Written January 2019 – Unedited
Crash & Burn
The problem when going at 100 miles per hour is not the ride.
It’s when you stop.
The higher the travelling speed, the greater the crash. We have all seen enough of those Arrive Alive campaigns to know this fact. That is why we have speed limits.
Both the car and the wall obliterated. A write off. Had the car been checked regularly and maintained, the breaks would have worked, you would have had a clearer view of what was ahead of you. The warning lights were there. The car could have helped protect you.
Although it may seem like it happens in an instant, as traditional Hollywood style movies would have us believe in the 80th minute of the movie, where the heroine’s world comes crashing down in one uninterrupted, explosive, dramatic finale scene, and then within 10minutes, everyone is good again, and they lived happily ever after, this is not real life. Even if it seems sudden or out of the blue, perhaps even to the people close to you, it takes a lot, and a long time for your mind and your body to break down to that point of burn out or emotional/mental breakdown.
Let’s talk about that for a moment because I am sure you, like I did, thought that term was meant for those outbursts of anger and frustration when your dog walked mud onto a new rug you just bought. Or when the neighbours see you walking up and down the garden yelling profanities as you pick up all the toys your kids left outside and promised they would pick up. Or when you are crying your heart out to that Ed Sheeran song because no, everything is not perfect. You might have thought it meant strait jackets, loony bins and an underlying illness such as bipolar or schizophrenia. Or it referred to billionaire entrepreneurs or overly successful and famous movie stars who take a year off to sail their yacht around the world and start up charities in Central Africa? (Note – this could well be the case, but it doesn’t always mean that everyone in between is not immune to it) There is also a misconception, and this is probably my own judgement on myself, that it refers to someone who is weak and can’t handle life.
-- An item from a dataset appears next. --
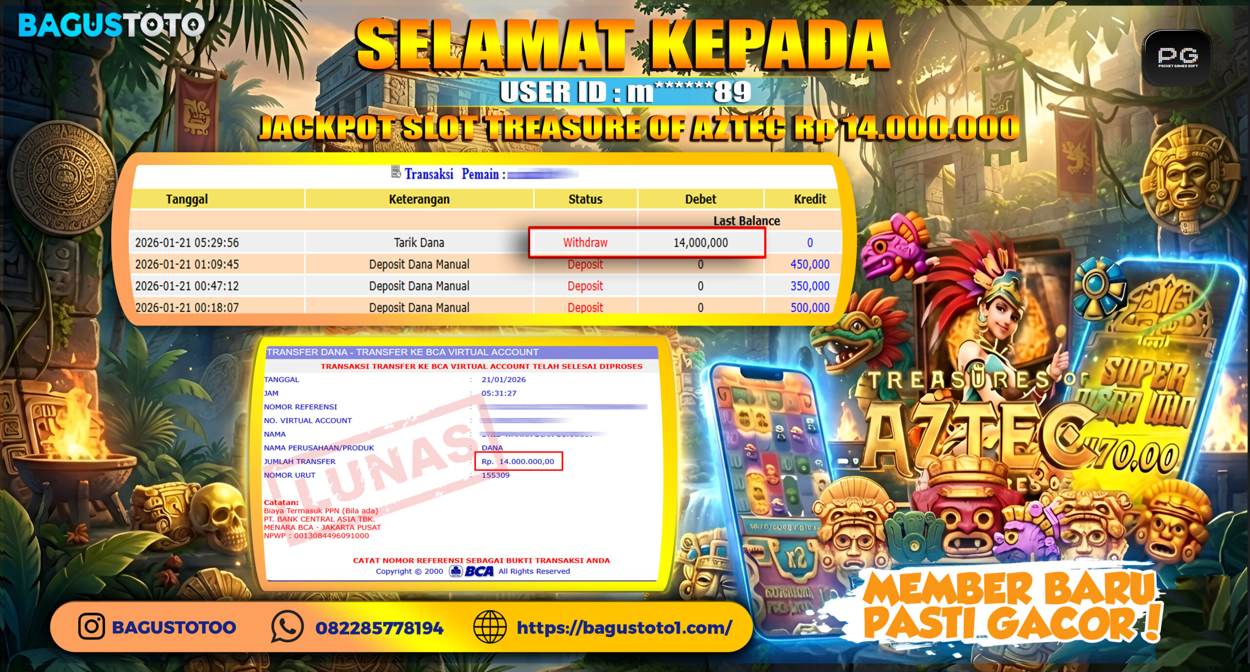 BUKTI JP SLOT TREASURE OF AZTEC MODAL 450RB JADI 14JT!!!

Like when you read or watch those period dramas where the fair lady folk died of a broken heart. Seriously? Because they lost their income, or their home, or their loved one or were caught in a scandal or brought shame to the family. I would have been dead a long time ago if I lived in that era.
What of us “normal” people? Trying to adult our way though life? The moms, the stay-at-home moms, the working moms, the singles, the fur-baby moms, the women who by choice or circumstance don’t have children or a husband or a partner? Those of us who are otherwise relatively healthy and are not managing public listed companies but are just trying to be the best they can at their job, their career, their start up business, as an employee or a wife, a mom, or a partner, a daughter, a friend. Are we immune to burn out/ emotional breakdowns? We have a good life? A roof over our heads, income, family, a car, a domestic helper perhaps? We have no right to have a breakdown do we? It’s not like we are dying or are homeless or lost millions in a stock market crash?
You know what happens then?
We put EVEN MORE pressure on ourselves as we feel we are not allowed to fall apart.
We gear down, put foot and that car speeds off, fleeing in fear of being judged on how well we are handling life.
Oh dear me… what is wrong with you? Why don’t you have your shit together? You have had 38 years to sort it out, you really should know better by now. Tsk tsk tsk.